ИКС
СКУП ПОВЕСИЛСЯ на простыне, написав кровью на стене "Папочка всегда будет любить тебя". На него это оказало слишком сильное влияние. Черт, да на кого угодно оказало бы. Изнасилование есть изнасилование, а Скуп был мужчиной до мозга костей.
Я стоял у решетки и наблюдал за тем, что разворачивалось на месте преступления. Помещение заполнили щелчки фотоаппарата, когда они делали снимки его тела. Охранники смеялись и болтали о том, как прошел их день, как будто на оконной решетке не повесился человек.
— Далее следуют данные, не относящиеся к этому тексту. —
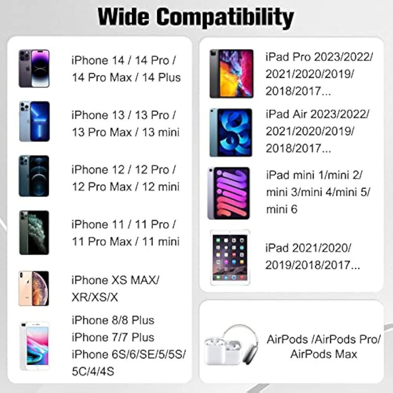 Compatibilidad: el cable USB a iPhone con certificación MFi soporta Apple 14, 13, 12, 11, XS, XR, X, 8Plus, carga rápida 8, Apple 7,6. carga normal. Y compatible con iPad, ipod touch series.

Они не знали его, им плевать. Все что он собой представлял — это пустующая камера. Статистическая единица в чьем-то отчете... имя, которое перестанут называть на перекличке. Скоро в этой камере будет новый заключенный. Сегодня выселили — завтра заселили.
Пришел судмедэксперт и провел небольшое расследование. Я слышал из своей камеры, как он задал несколько вопросов и сделал еще несколько снимков. Чуть позже они выкатили Скупа в мешке для трупов. Я смотрел сквозь решетку, как они везли его по блоку на носилках.
Узнает ли когда-нибудь его семья причину, по которой он покончил собой?
Я ненавидел себя за то, что боролся недостаточно сильно. Я должен был стараться лучше.
Когда его тело скрылось из виду, мне захотелось заплакать, но я знал тюремное правило номер один.
Ни к кому не привязывайся.
Я сблизился со Скупом. Доверял ему. Он стал моим другом в этом суровом месте, единственным братом, которого я когда-либо знал. И теперь из-за того, что я со временем дал слабину, он мертв. Скуп отказался от жизни, выбрав простой выход вместо того, чтобы снова и снова становиться жертвой.
Я злился на него, но понимал. Сразу после изнасилования я понял, что он не будет прежним, так оно и случилось — не стал, не по-настоящему. Скуп умер на столе в прачечной, за неделю до того, как повесился. Я видел, как погас свет в его глазах. Я наблюдал, как он покидал нас.
Все ушли. Мама. Лайла, а теперь и Скуп. Не осталось никого. Никого.
Даже меня нет. Я больше не знал, кого из себя представляю. Я — Икс, или снова стал Кристофером Джейкобсом?
Я мало что понимал, но знал, что эмоциональное возбуждение, охватившее мою нервную систему после смерти Скупа, быстро превратилось в жажду мести. Чудовище, которое я так долго удерживал, умоляло вырваться на свободу.
Мне было нечего терять, так что я дал ему волю.
НА СЛЕДУЮЩИЙ ДЕНЬ, когда я вошел в столовую, там было тихо. Я встал в очередь за тем, что выглядело как курица с рисом; все не спускали с меня глаз. Я в одиночестве сел за стол и ел, уставившись в никуда.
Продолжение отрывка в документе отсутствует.